> _Task description_
Please write out exactly the lines from the one with "此次信息分作兩條線，上午聚會" through the end of the data below, both ends included, and omit any pictures.

> _Saved entries_

Content starts

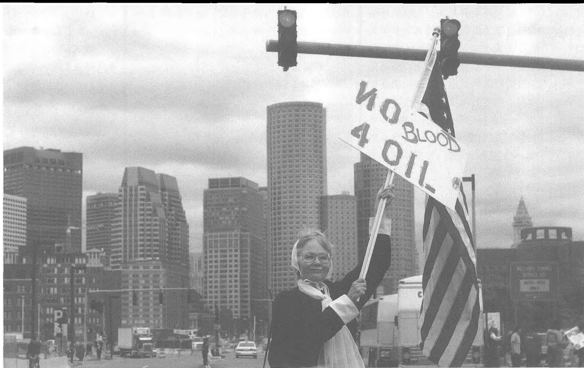
“别为石油流血”。波士顿妇女的抗议反映了美国民众渴求和平的心声。

二战后,美苏对抗的冷战格局逐步形成,第三世界国家彻底摆脱西方控制的要求越来越强烈,民族主义情绪日益高涨。在这种背景下,中东阿拉伯国家为夺回本国石油资源的主权与
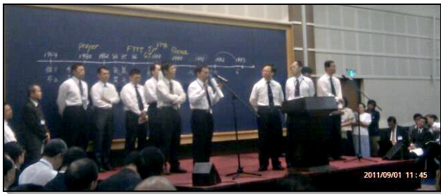
▲弟兄們在信息後作蒙恩見證

此次信息分作兩條線，上午聚會的主題是『主恢復歷史的回顧—在臺灣（一九八二年至一九九七年）』。八二至八九年李常受弟兄返台帶領新路的實行。當中，八六年開辦全時間訓練。八七年建立福、家、排、區
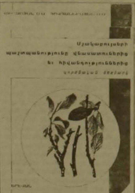
գործվող բուսանյութերը, ա) մեծ

2-րդ զլխում բերված են բույսերի դասակարգության համար օգտա-
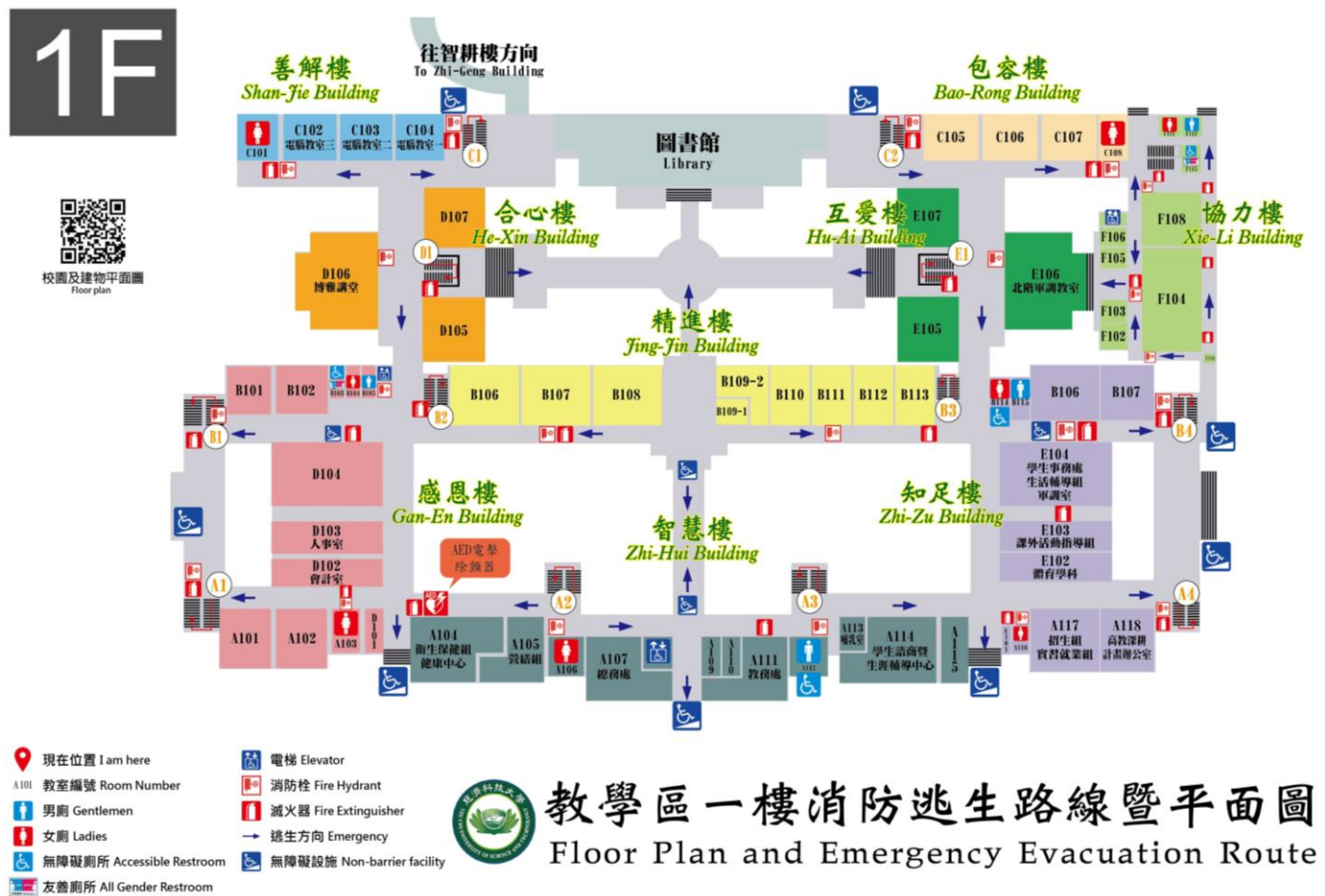
行政區一樓位置圖

本校行政單位辦公室上班時間為星期一到五，8:00~12:00 以及 13:20~17:20。
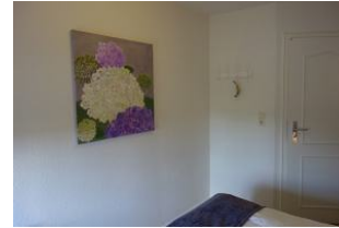
Ein Hortensienbild, ebenfalls im lila-Ton
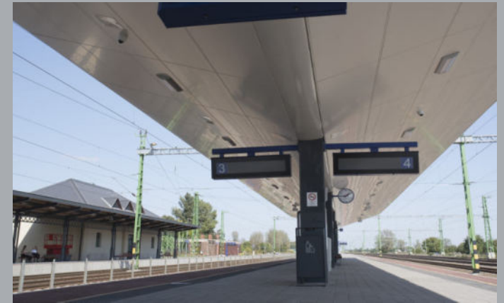
A 100-as vasútvonal korszerűsítése
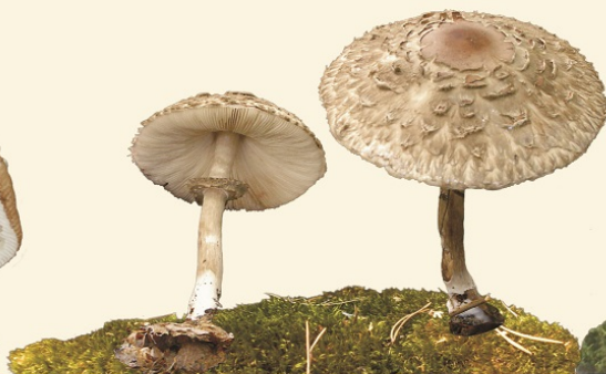
CZUBAJKA KANIA "SOWA"

Content ends

> _Result of the exercise_
此次信息分作兩條線，上午聚會的主題是『主恢復歷史的回顧—在臺灣（一九八二年至一九九七年）』。八二至八九年李常受弟兄返台帶領新路的實行。當中，八六年開辦全時間訓練。八七年建立福、家、排、區
գործվող բուսանյութերը, ա) մեծ

2-րդ զլխում բերված են բույսերի դասակարգության համար օգտա-
行政區一樓位置圖

本校行政單位辦公室上班時間為星期一到五，8:00~12:00 以及 13:20~17:20。
Ein Hortensienbild, ebenfalls im lila-Ton
A 100-as vasútvonal korszerűsítése
CZUBAJKA KANIA "SOWA"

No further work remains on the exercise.